As far as latency issues goes - NTT is SE's chosen partner and they are the issue 100%. It's super easy to blame them, but in reality that isn't what fixes this. SE needs to work with NTT to ensure that users coming into their nodes are getting good results. Other gaming companies have done this in the past when widespread users reported issues. Before anyone tries to say it isn't widespread (because it doesn't affect them), please save it, it's documented even here on the OF in a 50+ page thread, as well as a litany of them elsewhere.
Regarding Bliztball - if it is more menu content, it will be a waste of resources/dead on arrival. The game does not need ANY more menu content. Here's the conundrum - do you design the content to be played/visited by the masses or do you simply design it to be the best it can/faithful/fun?
In my experience/opinion - these types of undertakings are best served by simply building the best possible iteration of the content form. In that, it will succeed on its own merit rather than artificially forcing it to be relevant to the masses.
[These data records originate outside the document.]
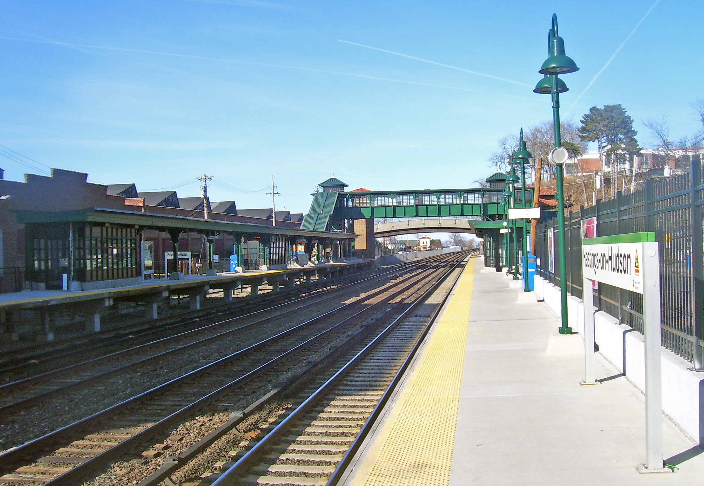 Metro-North train station, Hastings-on-Hudson, NY, USA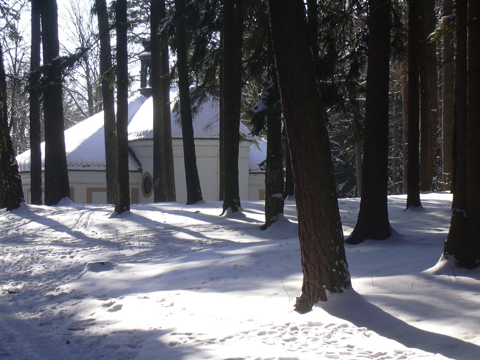 chapel on the top of Skalka, Hřebeny (Brdy) hills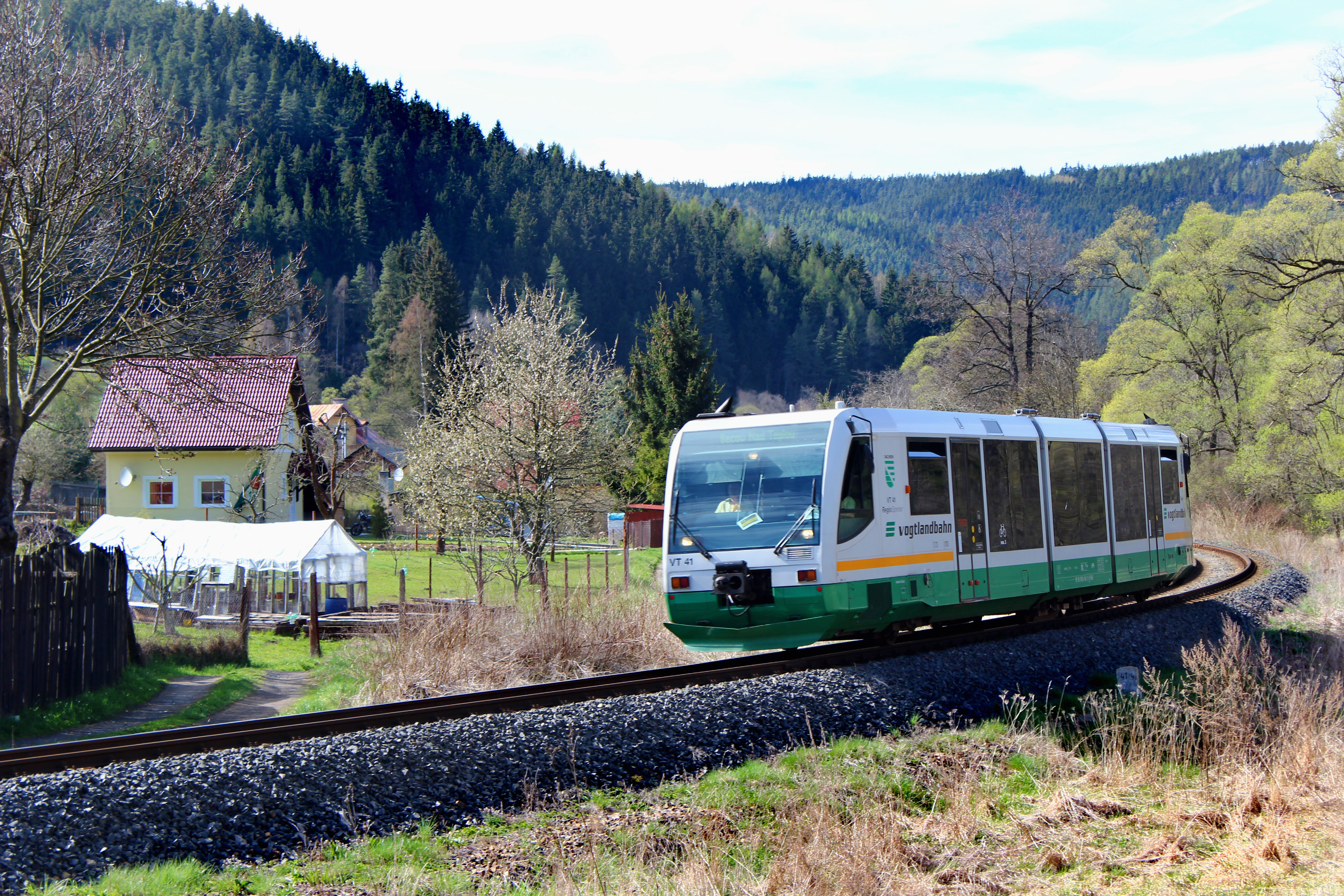 RegioSprinter train in Teplička village, Czech Republic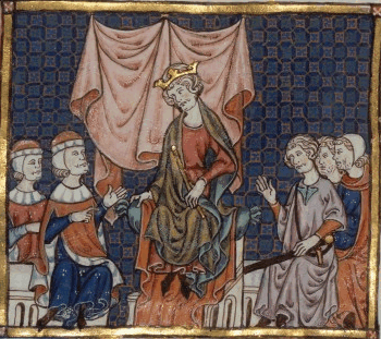 James II of Aragon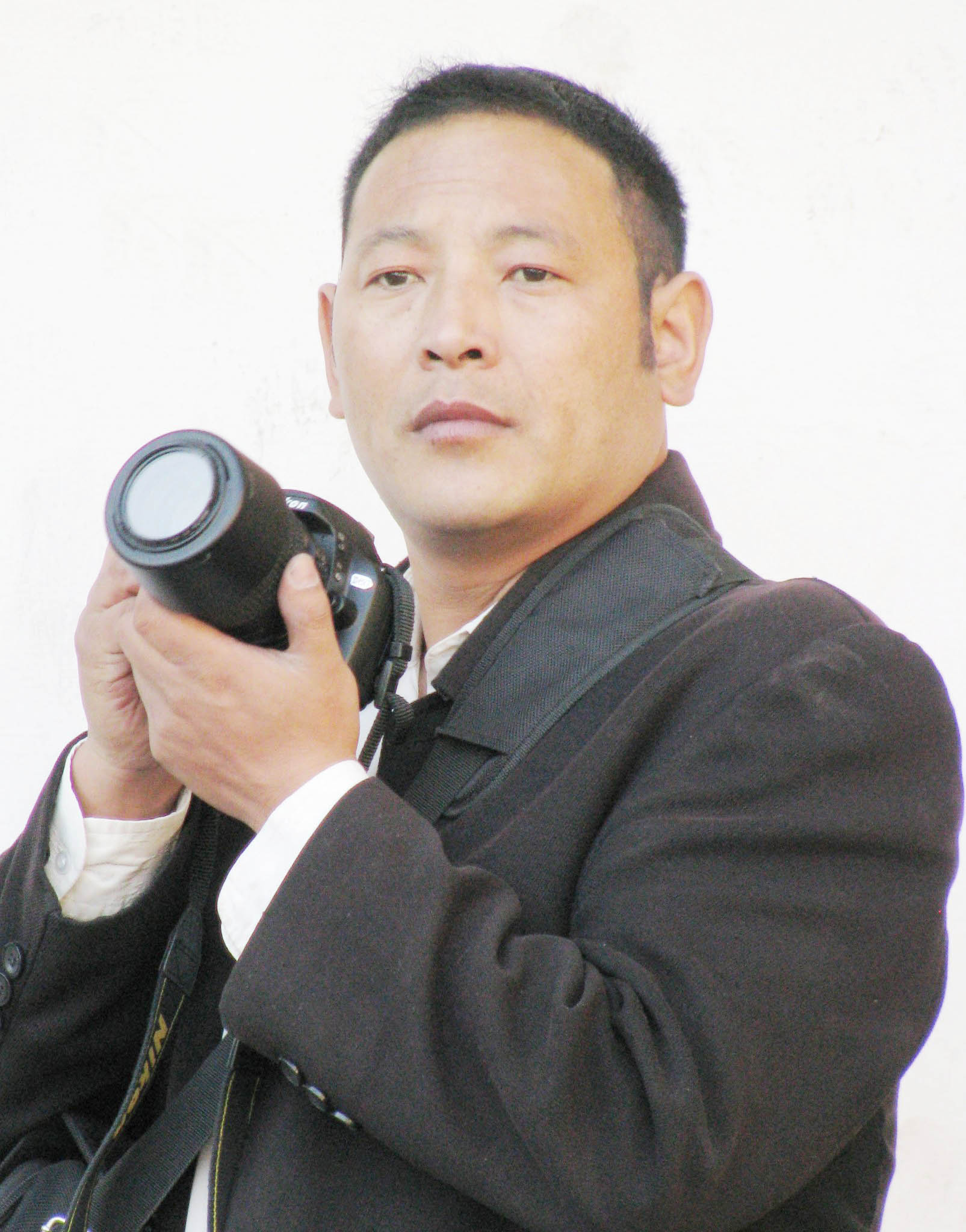 Yeshe Choesang, editor of The Tibet Post, a bimonthly English newspaper based in Dharamshala, India, photo taken in 2009.

What I would want out of Blitzball is a real live breathing match. Active gameplay elements, matchmaking, both solo and as a team, with ability to play against a range of AIs as well as PVP. It doesn't need to be some kind of scaling progression system, or have obscure rewards gated behind it, simply make it fun to play and people will participate.
It needs to be easily accessible, but deep at the same time. Build in functions to let FC's/statics/linkshells compete against each other for prizes. The idea is this should be something people can do during downtime for fun. Build in spectate options for people to watch.
If Chocobo Racing was basically Crash Team Racing/Mario Kart but with FF paint on it, I'd probably play it every single day with friends, but we got some awful implementation instead, basically dead on arrival.